Paranyctoides is an extinct genus of early eutherian mammal from the Late Cretaceous of North America and possibly Asia. It was named in 1979 by Fox for tooth and jaw material from the Dinosaur Park Formation of Alberta, which he named Paranyctoides sternbergi. Fox then named the second species P. maleficus for material from the older Milk River Formation. The species P. megakeros was named by Lillegraven and McKenna in 1986 from the "Mesaverde" Formation of Wyoming, and indeterminate species of Paranyctoides have been identified from the Kaiparowits, Wahweap, Kirtland, Hell Creek and Lance Formations of western North America. Material from the Maastrichtian Hell Creek and Lance Formations, as well as P. megakeros, have since been identified as Alostera saskatchewanensis, limiting Paranyctoides to the Santonian to Campanian in North America. In 2013 Averianov and Archibald considered P. maleficus a synonym of P. sternbergi, though this was not supported by Montellano-Ballesteros and colleagues the same year.

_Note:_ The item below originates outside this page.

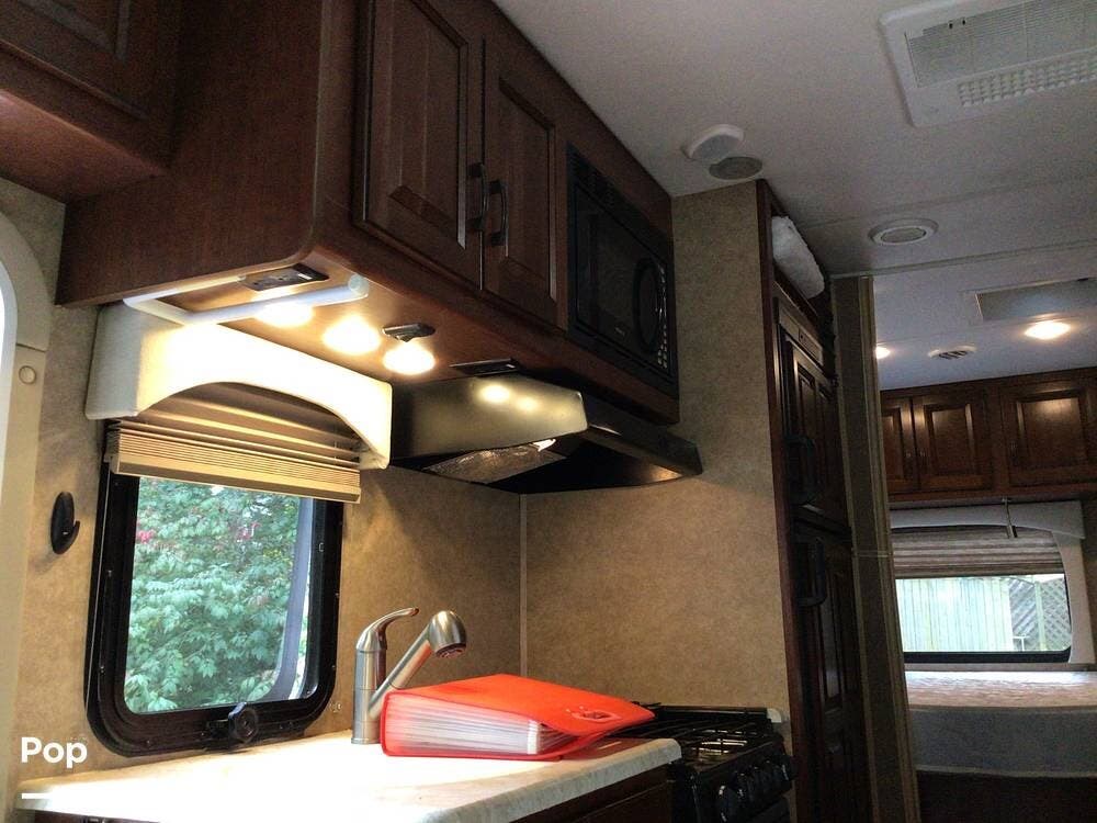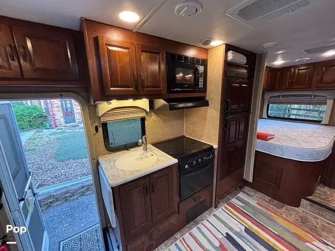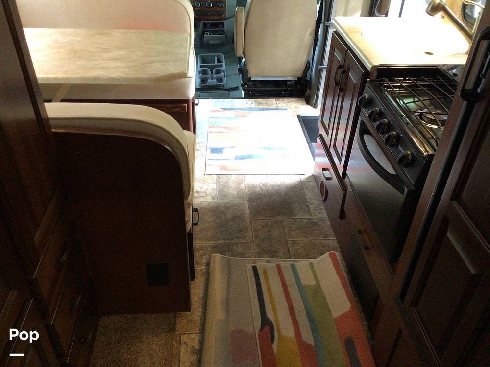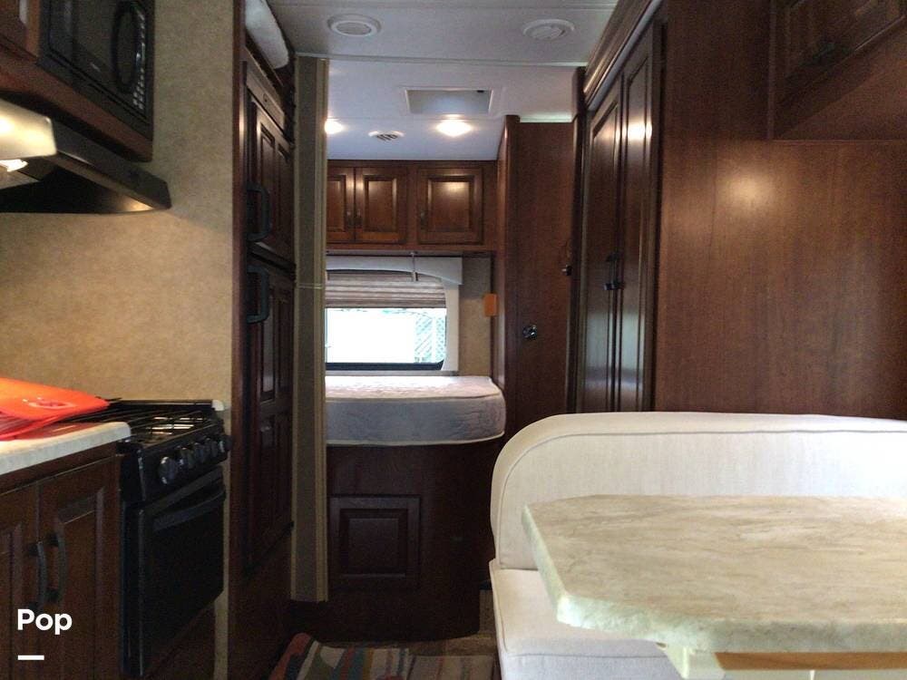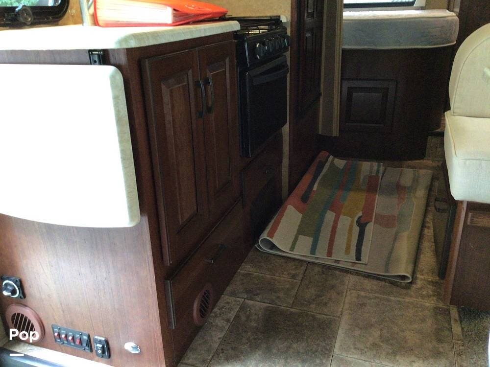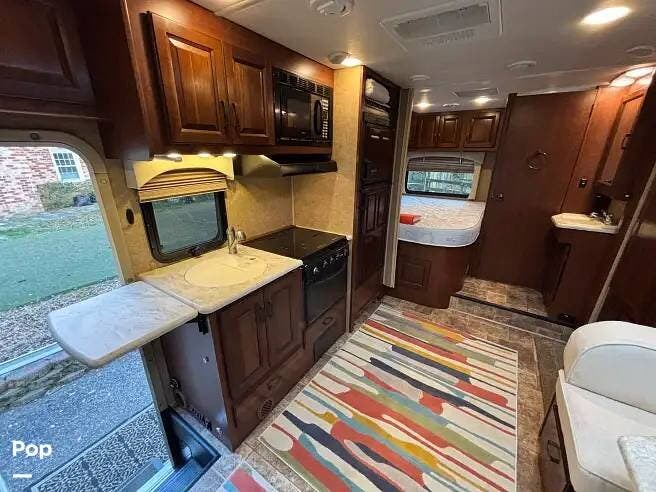This 2015 Solera 24S has an open floor plan with a single slide-out on the driver's side. The main living area is in the center of the motorhome. The kitchen and dinette are directly behind the cab. The rear of the motorhome is occupied by the bedroom and bathroom.

Species of Paranyctoides have also been identified from Uzbekistan, first being named P. aralensis by Lev Nesov in 1993 for material from the Turonian Bissekty Formation. Additional Asian specimens were found and referred to Paranyctoides expanding its range to the younger Aitym Formation, before Averianov and Archibald considered that all the Uzbek specimens belonged to the same species, which they identified as P. quadrans, being an older name Nesov had coined in 1982 for a species of Sailestes. The referral of Asian species and material to Paranyctoides was not supported by Montellano-Ballesteros and colleagues, though it was found within the genus in a phylogenetic analysis by Averinanov and Archibald.